Mark had let them off of the the camping road, along the Rogue river for about twenty miles, and then up a gated private timber section to where current overhang camp.


Ben had been impressed with how simple it was to get through the locked and chained gates. They swung out, painted bright yellow. The posts were ten inch pipes set in concrete and the pivoting arm that actually blocked the road was four in steel The padlocks where hidden up in side the pipe so that you couldn't get a bold cutter up there. Mark had simply cut the heavy chain with a four foot bolt cutter and replace one of the links with a repair link. He had a collection of rusted repair links that you could slide open and closed that matched most of the gate chains they saw.


Ben new that these replanted sections saw the owners or management companies once per year if that, and with all the flu, there wasn't going to be thinning, or logging going on right now. The gates kept drunks out. They had gone through two of the gates and the overhang was back on BLM property from what they could understand from the maps.


So what if those guy's had the flu?” Mark had asked on one of the trips.

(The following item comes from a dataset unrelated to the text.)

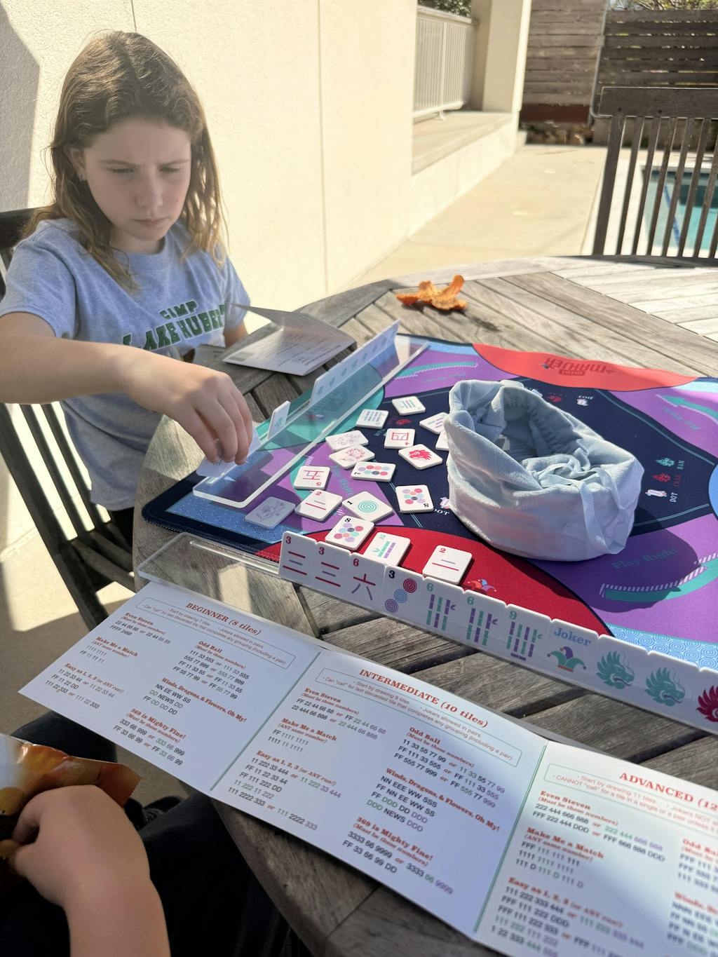 As a new Mahjong player myself, this was the perfect way to have a game set at home. I could teach my girls (ages 9 and7) the basics and get more comfortable myself. It's truly a great way to up your Mahjong skills without spending the money on a full, authentic set.

I guess we'll know in a week, if any of us get sick. Seems that Darlene recognized the fat leader from the diner. She hadn't seen him in a while so maybe his group hadn't been into town since the first flu showed up in Grant's Pass.”


I hope you're right, it would just be too much for Bea if Jasper also got the flu from that pig.”


Darlene and Bea had cleaned up Jasper and redressed her. Ben had seen the bruises on her breasts, neck and thighs when she was standing in the rain. The vision competed with his dreams of the actually killing. It didn't make it all right, but it made it bearable. At least Ben thought, he could put it aside while they got rested, fed, and out of the rain for a few days. Then they would have to decide what to do.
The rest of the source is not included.